My guy did that last time. But I could tell the shake was going to take it out again. Gonna cut that sucker off tommorow and not worry with it anymore. Just glad to know I wasnt the only one to see it.
Can't say I've seen it,, seen more than my share of vibration issues, but not that one. My best guess is the material, higher carbon, welded and then it cracks. Lots of components for all kinds of machinery are made of recycled materials. If these are not QC'd, during the billeting process, well, this is what you might get, high carbon steel has strength, but if not handled properly it can become very brittle. Just a guess, my suggestion would be to pull it off, heat it to a low cherry, then weld it back then, either pack it in sand or draw it back in the oven at 400° might as well throw a tater in while your are working on it, ;D
Cut mine off, Good now. :D :D :D
Then some of the tin shields cracked too they're gone. :D ;)

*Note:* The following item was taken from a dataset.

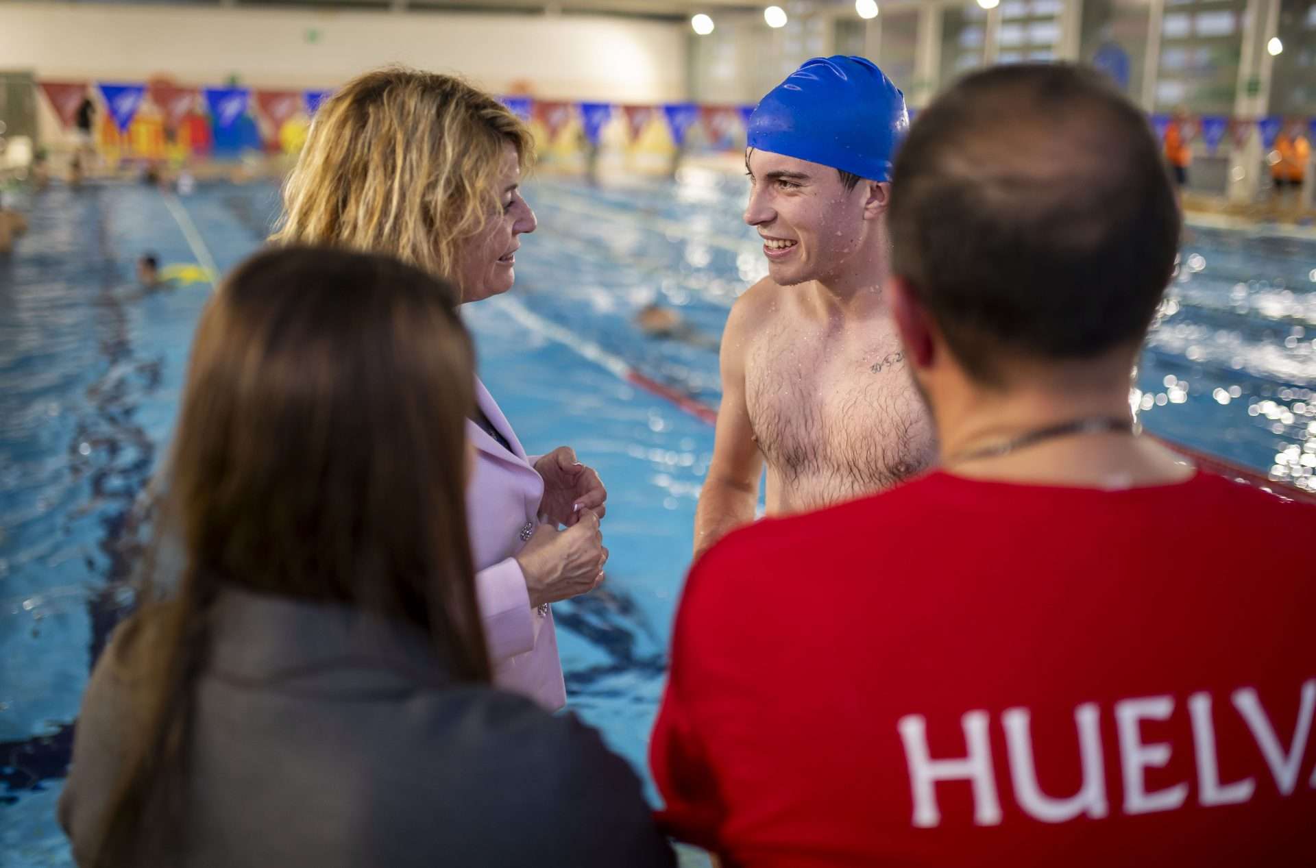 La alcaldesa de Huelva, Pilar Miranda, acompañada de la concejala de Juventud y Deportes, María de la O Rubio, ha visitado la sede del Club Onubenses de Deportes Adaptados, situada en el pabellón de deportes ‘Diego Lobato’, para mantener un encuentro con algunos de los miembros del club durante sus entrenamientos, así como con la presidenta del mismo, Carmen Gutiérrez, y el director técnico, Pepe Griñón.

My mill had the blade guide shield "off" (due to a mod) when I bought the mill, and I had it welded back on, no issues since! ;)
Quote from: Peter Drouin on December 07, 2017, 08:28:34 PM
Cut mine off, Good now. :D :D :D
Then some of the tin shields cracked too they're gone. :D ;)
What have you got left? 2 tires and a blade? :D :D :D
Quote from: Peter Drouin on December 07, 2017, 08:28:34 PM
Cut mine off, Good now. :D :D :D
Then some of the tin shields cracked too they're gone. :D ;)
Its history tommorrow morning. I grew up walking around a 0frick and miner edger without gaurds. Made it this long, I figure one less shield wont hurt. I still use that old miner.
(https://forestryforum.com/gallery/albums/userpics/22511/SAM_0641.JPG?easyrotate_cache=1464824285)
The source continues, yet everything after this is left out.